Mandela did not name the United States and Britain but joked that he was sure that everyone in the audience knew the two countries he had in mind.
Mandela said on Wednesday that military actions in Iraq and Kosovo undermined the role of the United Nations as a forum for the peaceful resolution of conflict around the globe.
"They send a message that the powerful will police the world," Mandela said as he delivered the Irish Independent newspaper annual lecture at Dublin's Trinity College.
"From there it is only a step to chaos in world affairs, as power is substituted for the security of collective and democratic decision," added Mandela, winner of the Nobel Peace Prize for the part he played in South Africa's transformation into a multiracial democracy after centuries of white rule.
U.S. and British planes patrol no-fly zones over Iraq and frequently clash with air defences. The zones were declared by the West after the 1991 Gulf War and are designed to protect groups opposed to Iraqi President Saddam Hussein.
NATO conducted a 78-day bombing campaign against Serbia last year to protect ethnic Albanians in the province of Kosovo.

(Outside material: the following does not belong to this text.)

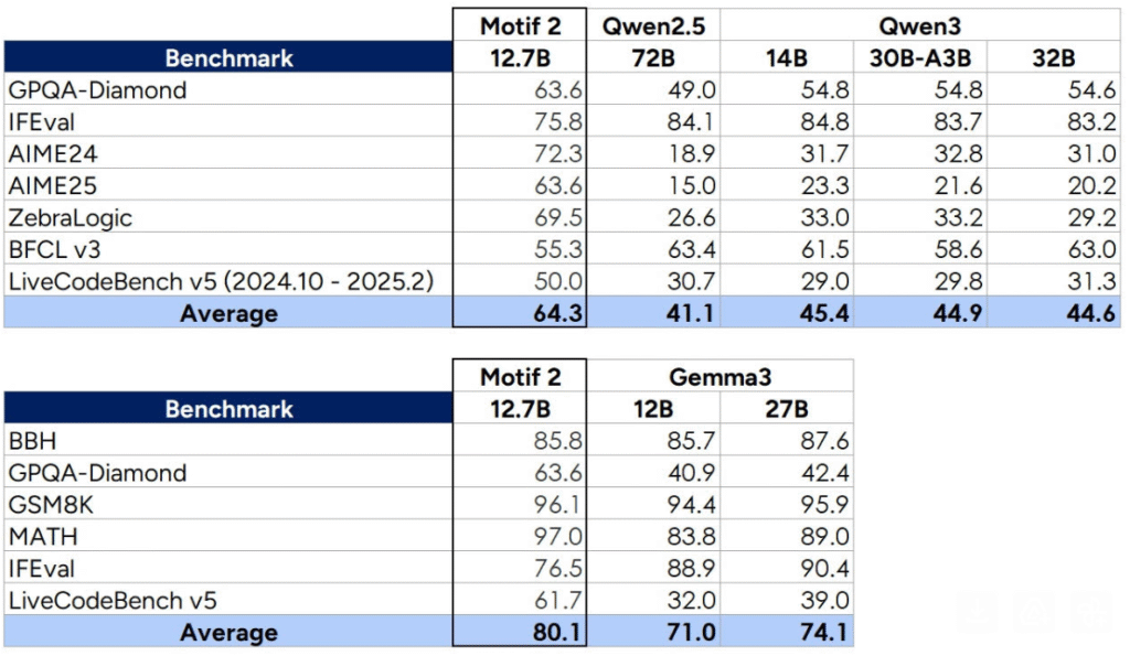 벤치마크 결과, Motif 12.7B는 추론 능력을 평가하는 수학, 과학, 논리 과제(AIME25, GPQA-Diamond, 지브라로직 등)에서 720억 매개변수를 가진 알리바바 Qwen 2.5(72B)를 능가했다. 또한 구글 Gemma 동급 모델과의 비교에서도 주요 추론 능력 평가 지표에서 더 나은 점수를 얻었다.

Mandela said powerful nations should not bully other members of the United Nations into following their line.
"The principle that all differences can be resolved through talk and negotiation applies also within organisations like the Security Council of the United Nations and there can be no justification for unilateral action that imposes one view over others in that body," he added.
Mandela said the example of South Africa showed that even the bitterest conflicts could be resolved through negotiation.
"On the brink of a bloody war that would have scorched the earth of our common land, South Africans recognised they were one nation with one destiny."